Our data suggest that the early preinvasive phase of colorectal tumorigenesis is characterized on the whole by upregulated activity of pathways involved in DNA replication and repair (i.e., KEGG BASE EXCISION REPAIR, KEGG HOMOLOGOUS RECOMBINATION, REACTOME ACTIVATION OF THE PRE-REPLICATIVE COMPLEX). These findings are consistent with recent reports [39, 40] showing that the progression of early precancerous lesions (in the colon and elsewhere) is curbed by cell cycle checkpoints that are activated by DNA replication “stress.” The precise nature of this stress is currently unclear, but it is probably initiated by increased expression of or gain-of-function mutations involving oncogenes (e.g., CCN1, KRAS, or MYC), which are known to be early events in tumorigenesis.
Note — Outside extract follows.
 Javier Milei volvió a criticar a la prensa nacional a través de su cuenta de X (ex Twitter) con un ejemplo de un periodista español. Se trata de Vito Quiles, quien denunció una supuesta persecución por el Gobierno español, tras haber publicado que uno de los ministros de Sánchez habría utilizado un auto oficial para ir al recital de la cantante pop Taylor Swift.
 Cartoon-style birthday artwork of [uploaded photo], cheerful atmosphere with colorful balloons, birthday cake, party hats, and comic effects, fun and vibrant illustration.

Abnormal activation of the prereplicative complex entails upregulation of CDC6 and several minichromosome maintenance genes. (Our data and those described by Freeman et al. [41] might reflect an early step in this type of replicative stress.) This process is associated with stalling and/or collapse of replication forks and double-strand breaks, which slow or arrest the cell cycle to allow the DNA to be repaired (e.g., via homologous recombination). Activation of base excision repair suggests that DNA base oxidation or deamination may also be accelerated in early preinvasive lesions. Paradoxically, each of these repair processes can per se cause genomic instability [40, 42]. This would favor the onset and selection of loss-of-function mutations involving tumor suppressor genes, whose protein products drive the cell cycle checkpoints (e.g., TP53, which is often mutated in the later phases of colorectal tumorigenesis [1]), and the result would be unrestrained tumor progression.
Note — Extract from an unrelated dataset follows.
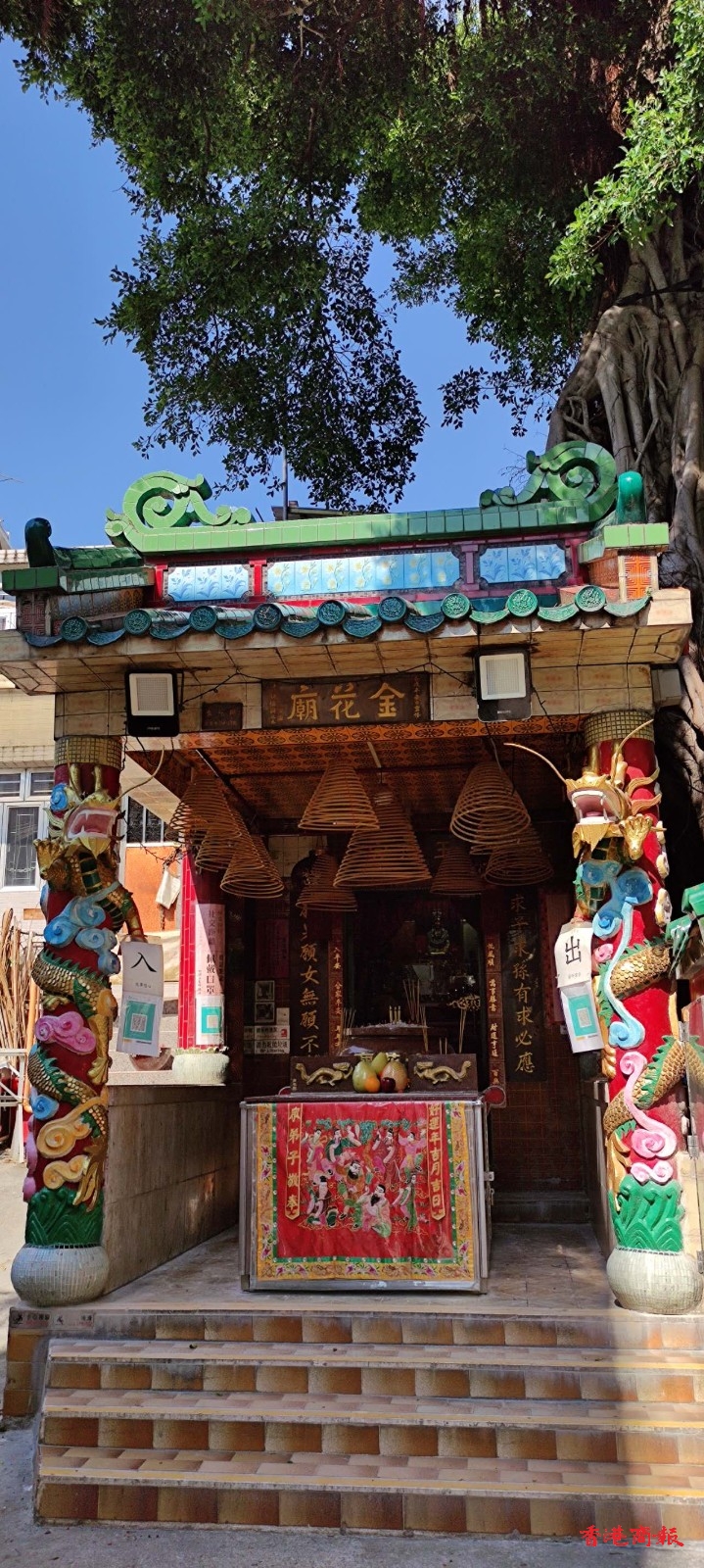 坪洲金花聖母善信來自香港及世界各地,從廟前的一副對聯便可知曉。對聯寫道:「求子求孫有求必應,願男願女無願不成」,是若干年前由善信送出。每年農曆四月十七日金花誕,坪洲金花廟歡迎所有善信抽空到來參拜及祈福,從而得到金花聖母的庇佑。前特首董建華曾先後在金花廟貴賓冊上簽各,其他前來參拜或參觀過的名人包括前兩局議員周梁淑怡、太平紳土林偉強及藝人汪明荃、曹達華、林蛟等。(蔡啟文攝)

In line with the above findings, two other pathways also appeared to be upregulated in our SPLs and LPLs. The BIOCARTA ARF PATHWAY emanates from the tumor suppressor proteins p16INK4a and p14ARF (both encoded by CDKN2A). It is a key sensor of oncogenic stress (e.g., the KRAS- or MYC-associated hyperproliferative signal documented in colorectal adenomas). Activation of the ARF pathway stabilizes TP53, thereby promoting effective checkpoint activity [43]. Both classes of preinvasive lesions also displayed upregulated nucleotide excision repair (KEGG NUCLEOTIDE EXCISION REPAIR), which targets UV- and carcinogen-induced DNA adducts [44]. In conditions of replicative stress, sustained activation of this pathway might be triggered by the complex (but poorly defined) mixture of putative carcinogens generated in the colorectum by host and bacterial metabolism.

DNA damage checkpoints and apoptosis appear to be efficient barriers that can restrain tumor growth for up to two decades [45]. Nonetheless, DNA replication stress and repair are naturally associated with increased cell proliferation rates in colorectal tumors. The need for DNA building blocks, before and after these barriers have been disrupted, explains why nucleotide metabolism is increased throughout tumorigenesis, as reflected by the early persistent upregulation we observed in the REACTOME PURINE RIBONUCLEOSIDE MONOPHOSPHATE BIOSYNTHESIS pathway and also by that of the KEGG PYRIMIDINE METABOLISM pathway. (The significance of the latter upregulation was borderline, so it is not listed in Table 2.)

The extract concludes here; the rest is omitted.